WPT Data Migration Scripts
This repository contains scripts that can be used or modified to correct
mistakes in the datastore that backs
wpt.fyi.
Running a script
First of all, run gcloud auth application-default login
(you should already
have access to wptdashboard and/or wptdashboard-staging projects).
This repo does NOT use Go modules yet, so it is recommeneded to check out the
repo at $GOPATH/src/github.com/web-platform-tests/data-migration
. Then run
go get -u ./...
to get all the dependencies.
Finally, you can run most scripts with go run
, e.g. go run tagger/master.go --help
.
Writing a script
We have a few different categories of scripts.
Datastore-only
This is the most common kind. These scripts do a pass of scan-check-modify over
all TestRun
s in Datastore in parallel. Check-and-modify is done atomically in
a transaction.
The reusable logic is in processor/
. New scripts only need to
implement the Runs
interface.
Examples can be found in tagger/
.
Storage
The following scripts also download results from GCS, so they are a lot slower.

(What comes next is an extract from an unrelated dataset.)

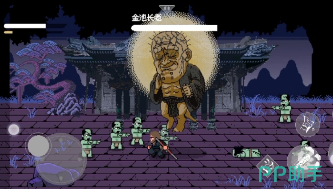基于西游题材重新演绎的暗黑风格像素游戏,塑造了一个截然不同的神话世界。玩家操控“黑暗悟空”角色,手持金箍棒展开激烈战斗,从杂兵小妖一路打到终极BOSS。角色形象与场景设定均采用阴郁色调,打破传统视觉印象,构建出压抑而深邃的氛围。游戏操作简单直接,移动与攻击配合流畅,带来沉浸式的横版闯关体验。
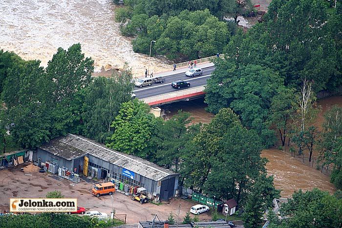 Tereny zalane przez Bóbr. W tle panorama osiedla Zabobrze.

add_run_info/ - used to backfill product and browser name metadata, as well as
switch to a new URL schema.
add_time_start/ - used to backfill the TimeStart
metadata for runs done
before that information was added.
dedup_runs/ - used to deduplicate runs with the same raw_results_url
from
before results-processor was idempotent.
Bigtable
grid/ - an experiment to load all results into Bigtable.